Passage: Ephesians 4:7-10
Now grace was given to each one of us according to the measure of Christ’s gift. 8 For it says:
When he ascended on high,
he took the captives captive;
he gave gifts to people.
9 But what does “he ascended” mean except that he[c] also descended to the lower parts of the earth? 10 The one who descended is also the one who ascended far above all the heavens, to fill all things.
Devotional:
Ephesians 4:7-10 is our passage for today. Let’s take it part by part.
First, Ephesians 4:7 talks about the grace given to each of us. The thing we should notice the most is that this grace is given not according to our worth or even our need, but according to the measure of Jesus. The terminology here is of something freely transferred from one person to another. BDAG suggests that “bounty” or “grant,” like a financial aid grant for college students, are similar concepts.
Which is a good thing: grace is constrained only by the giver, not by the recipient. I may need more grace than I ever thought possible, but the supply is overwhelming. This is good, because as we connect back to the opening verses of this chapter, we that First Baptist Church of Ephesus is being reminded of their need to be unified in the Spirit. While Brent has done an excellent job of noting what those commands entail, I will beg his indulgence to make a quick observation:
We’re never going to live as one faith, one body, one hope, one faith, as we serve one Lord and God and Father of all without a whole lot of grace. That does not mean we do not strive to do so–“free grace” is not a gift to be trivially used–but we’re going to need it. We’ll need it from God about our own lives and then from God to be able to lavish it on one another.
The purpose of that grace was so that we could work together, to build one another up. Look again at Brent’s post about walking worthy, look back at Ephesians 4:1-6, and how we are to work at living with humility and gentleness with one another.
4:8 gives us a quote from Psalm 68:18. For the Bible nerds among us, it’s worth noting that Paul’s wording matches the Targum of the Psalm. There’s a long, wandering discussion of how the Old Testament gets cited and used in the New Testament, so we won’t hit it here. But it’s worth recognizing that the same problem you have when you read in the New American Standard and someone else is reading the ESV…

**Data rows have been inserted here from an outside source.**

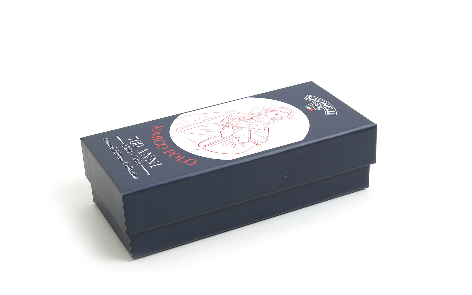 Marco Polo reiste 24 Jahre lang durch den Osten und durchquerte viele Länder auf der Seidenstraße. Er beschrieb diese Erfahrung in einem Buch "il Milione", einem weltweit bekannten geografischen Bericht. Er war ein Mann, dessen Taten eine Brücke zum Osten schlugen und dessen Einfallsreichtum ihn zu einem Symbol Venedigs in der Welt machte. Mit dieser limitierten Edition möchten wir dem berühmten Entdecker huldigen. Es handelt sich um eine Kollektion von nur 700 Stücken, die anlässlich des 700. Todestages von Marco Polo herausgegeben wurde. Das Modell 111 KS ist in rustikalem Schwarz gehalten, hat einen schwarzen Acrylmundstück und ein rotes Band, das an seinen Hut erinnert. Die Pfeife wird in einer speziell gestalteten Box verkauft. Auf den Bildern ist die Nummer 342 zu sehen. Unter diesem Link können Sie den Beitrag von Monsignore Pierfrancesco Fumagalli, einem Mitglied des Vorstands des Italo-Chinesischen Instituts, einsehen. Dort finden Sie eine Zusammenfassung, wie sich Marco Polos Reisen und Lebensgeschichte im Laufe der Jahrhunderte entwickelt haben und vor allem, wie sie uns erreicht haben.
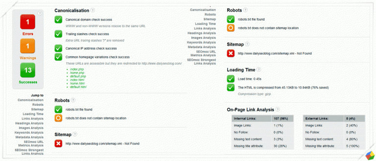 È uno strumento gratuito e facile da usare disponibile per i marketer e gli imprenditori per cercare di identificare i problemi del sito Web e gli errori SEO comuni che abbattono il sito Web e impediscono che funzioni in modo eccellente sul motore di ricerca.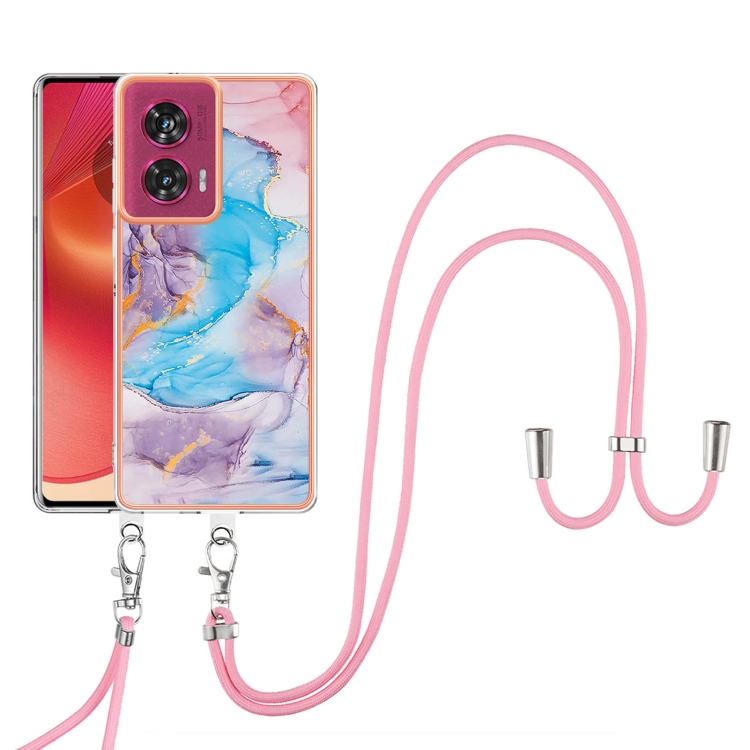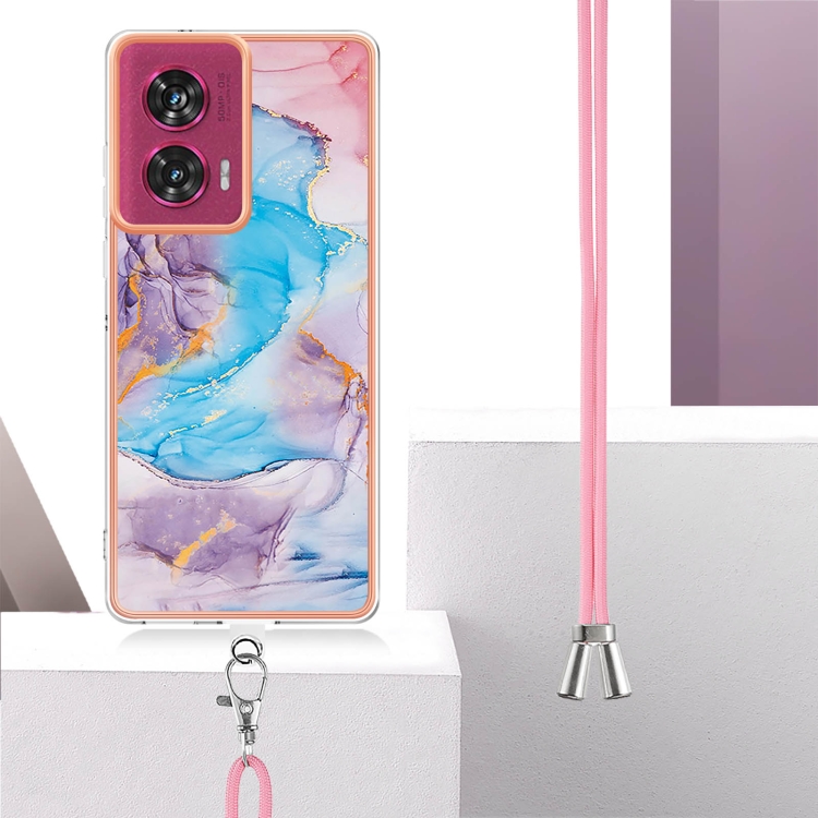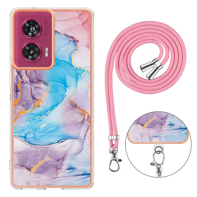 Funda TPU a Prueba de Golpes Motorola Edge 50 Fusion con Cordón (Mármol Azul Vía Láctea)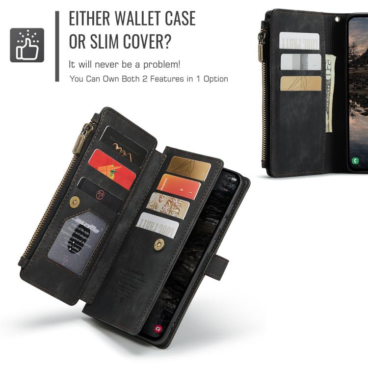 For Samsung Galaxy S25+ 5G CaseMe C30 Card Slots Zipper Wallet Leather Phone Case(Black)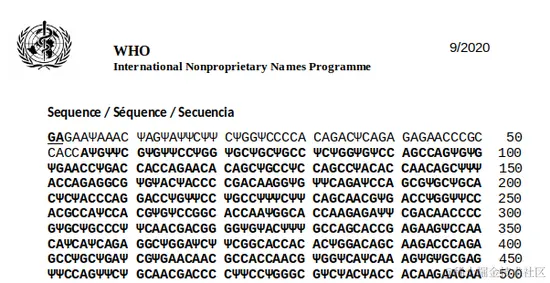 让我们从疫苗的一小部分源代码开始,下图为世界卫生组织公布的BNT162b前500个字符。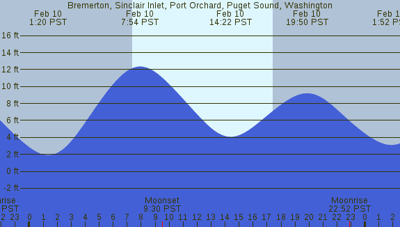 Tidal Heights at Bremerton, Sinclair Inlet, Port Orchard, Puget Sound, Washington
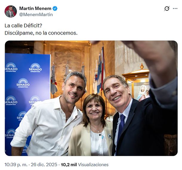 En el mismo sentido y con la misma imagen fue Martín Menem, titular de la cámara baja, quien también celebró la aprobación del Presupuesto 2026, incluyendo un breve texto que hace referencia al “déficit”.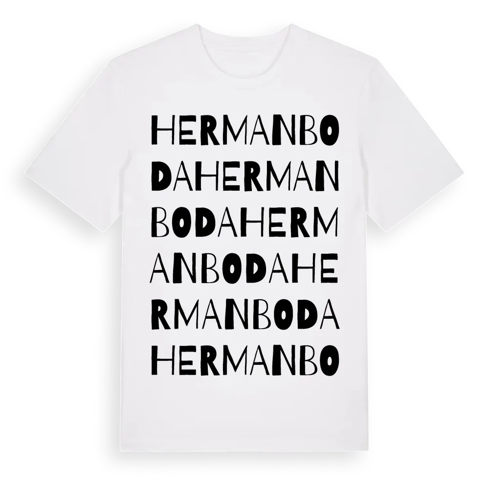 Hermanboda ordlek t-shirt är inspirerad av byn Hermanboda i Västernorrlands län, Sverige. Tröjan är designad för dig som har en speciell koppling till platsen – oavsett om du bor här, har rötterna här eller bara älskar Hermanboda.

What we definitely have is the image of Christ ascending in majesty. Several of the commentaries I own point us to the Roman Triumph as Paul’s idea here, but remember that Paul is quoting King David. The Romans were not yet on the scene when King David wrote. Taking a look at all of Psalm 68, briefly, shows us David exulting in the victory of God over the wicked. David celebrates that God has delivered the righteous from the power of the wicked, an important consideration alongside the calls for unity and celebration of grace: the presence of God is no place for the deliberately wicked.

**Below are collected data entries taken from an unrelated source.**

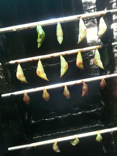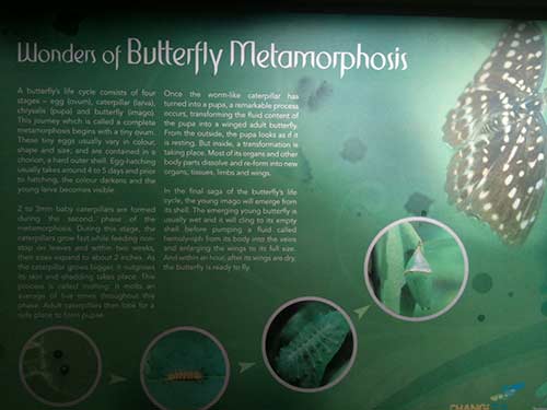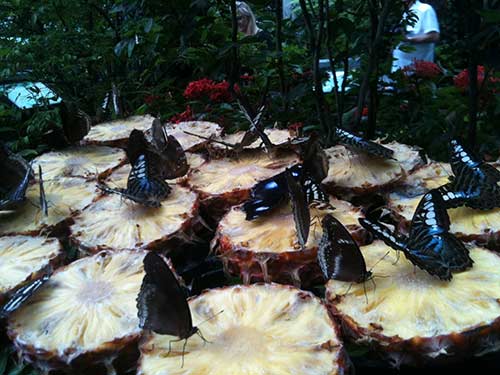 While waiting in Singapore airport for flight to Kuala Lumpur, we visited the indoor butterfly garden. The first photo shows a compartment where you can see pupas growing and preparing to emerge as butterflies. The last photo shows a group of butterflies feasting on ripe pineapple.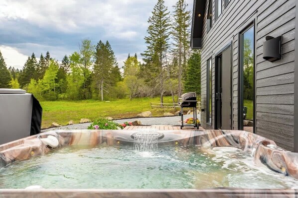 • Unwind in the outdoor spa surrounded by trees, ideal after a long ride, hike, or hunt.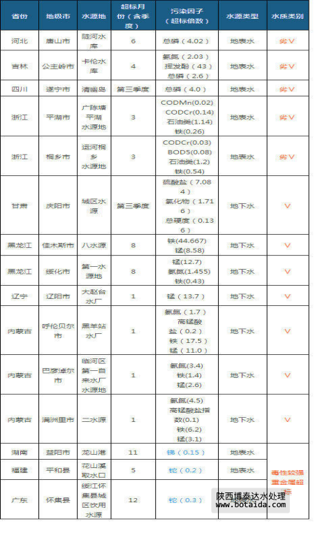 地表水水源地數(shù)量為995個,地下水水源地數(shù)量為338個,雖然地下水水源地數(shù)量只有地表水水源地數(shù)量的1/3,但其超標比例卻是后者的3.2倍。平均每個地下水水源地超標6.3次。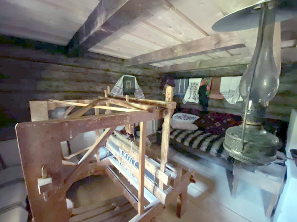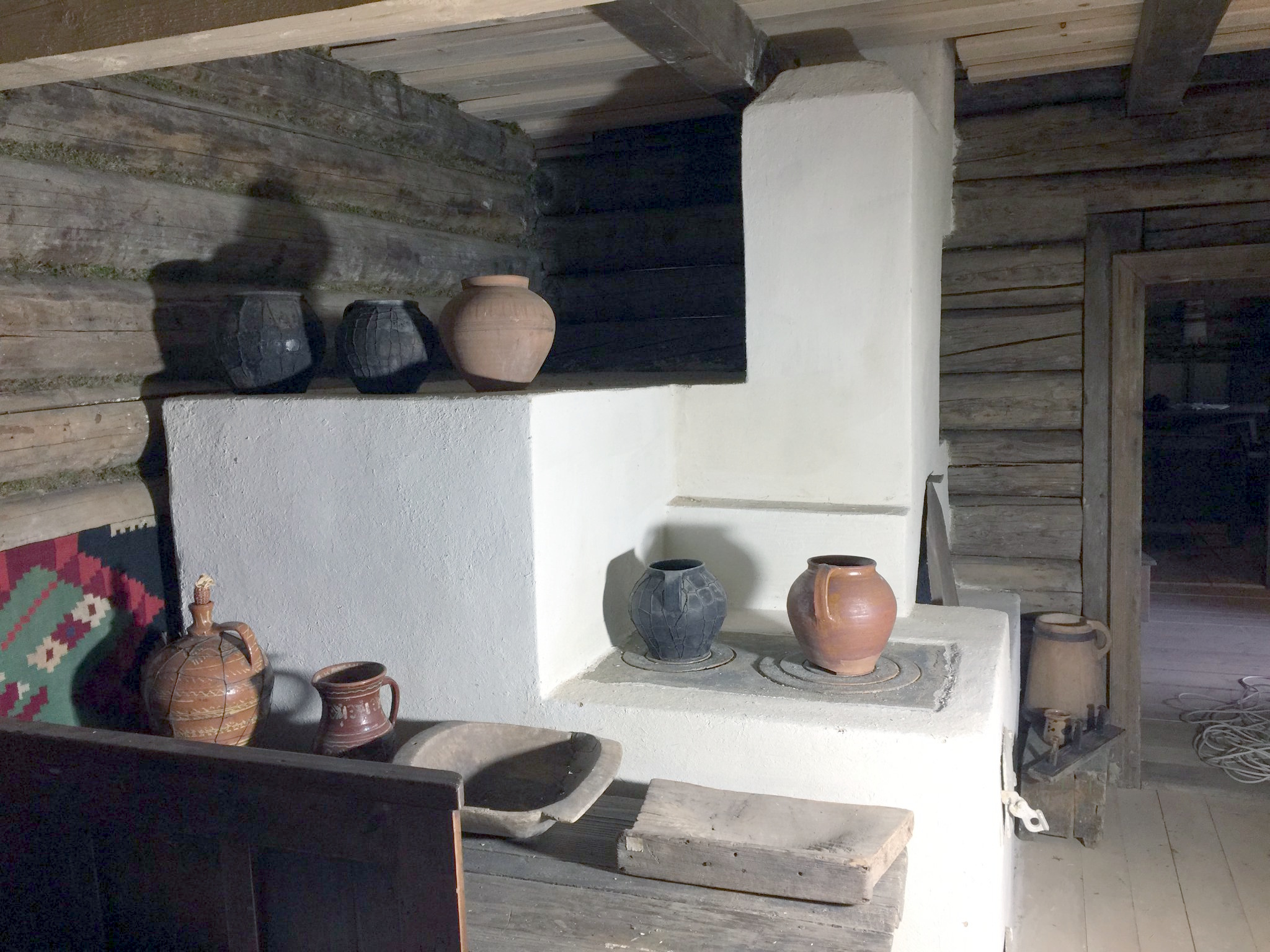 За пічкою знаходиться ліжко. Воно покрито соломою та вкрито ліжником. Над ліжком висить горизонтальний килим прикрашений геометричним орнаментом. Над ним – жердка з буденним одягом. Між ліжком та чільною стіною знаходиться ткацький верстат («кросна»). На причілковій стіні висить ікона. Вздовж чільної стіни – лава. Зліва від пічки, у кутку, по іншу сторону дверей стоїть креденс для посуду. Біля нього – стіл. Він вкритий скатертиною. На ньому – кружок для кулеші, миска та макітра. Поряд зі столом – ослін.

Ephesians 4:9 gives us a lovely conundrum, with some advocating that it refers to Jesus descending into Hell, while others suggest that it simply refers to coming to the Earth itself. After all, compared to Heaven on High, Earth is a pretty low part of Creation. The Evangelical Exegetical Commentary from Lexham (by S.M. Baugh) connects the descent of Christ to His death, citing John Chrystostom and the overall mission of Christ.
However, the exact location does not appear to be Paul’s point. His focus is on the descent of Christ and the subsequent ascension of Christ as showing the filling of all creation under His dominion. That is how verses 9 and 10 blend together: the filling of all things by not only the command of God but the actual presence of Jesus within them.
What do we do with this, devotionally?
A few musings:
- Recognize that you are never in a place that Jesus has not filled with His presence. It may not feel like He’s there, but He is. God descended right down into the midst of our mess. Whatever mess that may be.
- Recognize that God has filled all the earth with His glory, and that while it takes redemptive grace to be saved, God’s creation grace means there are things we can learn from through sciences and arts that make life better–though we never want to just make the world a nicer place to go to Hell from.
- Recognize that your need for grace is matched by God’s grant of grace, and that grace is to empower your walking worthy of His name.